Наступило молчание, только Барбос во сне гонялся за кошками и иногда ворчал.

– Противно это все. Я даже не понимаю, как ты до этого додумалась.

– Ты считаешь возможным мне читать мораль? – с вызовом спросила Кира.

– Считаю, – спокойно ответил Олег Борисович, – я рассчитывал на порядочность человека, с которым живу. Которого люблю, которого считал своим.

– Это просто бизнес.

– Ты органами человеческими не пробовала торговать? – осведомился Григорьев.

– Мне надо было купить квартиру в «старом доме». Ты же все знаешь.

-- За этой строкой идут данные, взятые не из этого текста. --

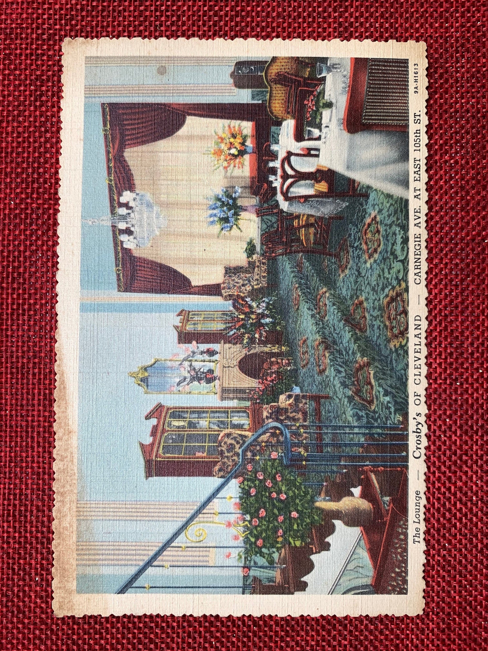 This postcard features a hand tinted image of The Lounge in Crosby's of Cleveland.

– А если потерпеть? Если наступить на горло собственным желаниям? Особенно когда они роскошью являются. Ты не пробовала когда-нибудь от чего-нибудь отказаться?

– Не пробовала. Именно поэтому многого достигла. Ты, конечно, помог мне.

– Лучше бы не помогал.

– Что ты взбеленился так? Что такого произошло?

– Ты купила квартиру? Купила. Но бизнес не прикрыла. Наоборот, еще больше развернулась. Почему?

– Хорошо пошло. – В голосе Киры послышались наглые нотки.

– То есть любовь к деньгам выше всего.

– Да, представь. Ты сам не всегда занимался приличными делами.

– Вот и ошибаешься. Я торговал вениками, тазами, ведрами. В разных масштабах. Но бабами я не торговал. Не убивал. Даже не обманывал, как ты. Деньги в рост не давал. Я не брал на работу человека и не скрывал, чем он будет заниматься.

– Как ты узнал? Уши оборву тем, кто разболтал.

– Яшкин обрывать будет. Ты сама руки пачкать, наверное, не будешь, – усмехнулся Григорьев.

– О, и про Яшкина знаешь.

– Да, а, кстати, Перов знает, что ты содержишь бордель?

Вот этого Кира не ожидала. Она покраснела.

– Григорьев, – наконец сказала она, – если я и чувствую вину, то только из-за Перова. Это, конечно, подло. Но так ведь в жизни бывает. Ты же сам, поди, не святой.

– Не святой, – согласился Олег Борисович.

– Да? И кто же она?

– Ну зачем тебе знать. Я лучше поберегу человека. Ты жестокая. Ты и отомстить можешь. Кстати, – Григорьев вдруг пересел поближе к Кире, – ты расскажи мне, как же тебе это удалось?! Как ты приличную компанию по уборке помещений превратила в бордель по вызову?! Или как там правильно это называется? Нет, мне просто интересно, как технически это можно было сделать. Меня уже не интересует, как ты на это пошла, мне интересно, как технически это ты осуществила.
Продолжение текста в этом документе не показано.